Currently, royalties are the only mineral revenue stream that is separately accounted for. Further disaggregation is required to show mining sector performance per each major mineral sector like platinum, gold, nickel, diamonds, chrome and lithium. These reforms are aligned to the principles of public financial management included under Section 298 of the Constitution requiring revenue and expenditure transparency and accountability.
Embrace contract disclosure and competitive bidding
Existing contracts and those that are in the pipeline must be subjected to Parliament and made public as required by the Constitution under Section 315 (2) (c). Such a move is crucial to ensure that bad deals are avoided as both government and corporate negotiators will be aware that there is a third eye to the contract negotiations. Competitive bidding, when disposing of mineral rights in areas with high geological potential, such as the Great Dyke, must be harnessed to ensure investors that offer a higher development dividend are selected.
Areas for assessment include tax linkages, technological transfer, local procurement, employment and skills development and infrastructure linkages.
Investments from tax havens are a poisoned chalice
Competitive bidding is also an opportunity to quarantine investors that are linked with tax havens who carry a high risk of shifting profits from producer countries to lower tax or no tax jurisdictions that are secretive.

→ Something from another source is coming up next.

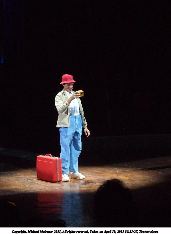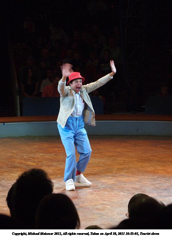 Picture #10: Tourist clown #2 600x823, 61,547 bytes (61K), (html file) Copyright, Michael Meissner 2011, All rights reserved Olympus E-P2 camera with Olympus-m43 14-42mm f/3.5-5.6 lens f/5.6, ISO 640, 1/100 sec, 42.0mm, auto mode, vivid color, spot metering, auto + manual focus, IS1 (All Direction Shake IS) 35mm equivalent focal length 84.0mm Programs used: gimp, raw therapee Taken by Michael Meissner on April 10, 2011 16:52:12 Last modified on April 13, 2011 at 00:03 |

As Leonard Wanyama, Coordinator of East Africa Tax and Governance Network (EATGN) aptly sums up in his article, secretive, aggressive and extensive jurisdictions help multinationals escape paying taxes, eroding revenue collection measures in other countries.
To root out endemic corruption, the budget must push for beneficial ownership disclosure. Knowing the real beneficiaries behind the “mega deals” sealed in the mining sector and recipients of public procurement contracts who use the mask of corporate bodies and trustees to hide their shameless acts is quite critical.
It was a positive step that in January 2019, the Companies and Other Entities Act accommodated beneficial ownership as part of the new legal requirement. However, it fell short as the beneficial ownership registry is not publicly accessible. Nigeria has made beneficial ownership disclosure as part of the reforms to step corruption and illicit financial flows.
Open for business but don’t shut the door on community benefits
Under the “Zimbabwe is open for business” drive, the indigenisation and economic empowerment framework was dismantled, and with it, legal backing for Community Share Ownership Trusts was affected. To redress this situation which conflicts with Section 13 of the Constitution on national development, compelling the State to put mechanisms for communities to benefit from resources in their localities, the budget must plough back a portion of resources to areas where the resources are extracted.
To respond to this threat, the budget must promote transparency in the mining sector. Tax revenues, contracts and beneficial ownership disclosures, including monitoring and evaluation of tax incentives, must be part of the measures adopted to curb corruption and IFFs.
The royalties for all minerals, particularly the PGMs, must have a sliding scale to capture a proportionate share of revenue during the commodity price boom. Investors are needed to unlock the growth potential of the mining sector. However, investments channeled through tax havens like Mauritius are a poisoned chalice and must be quarantined.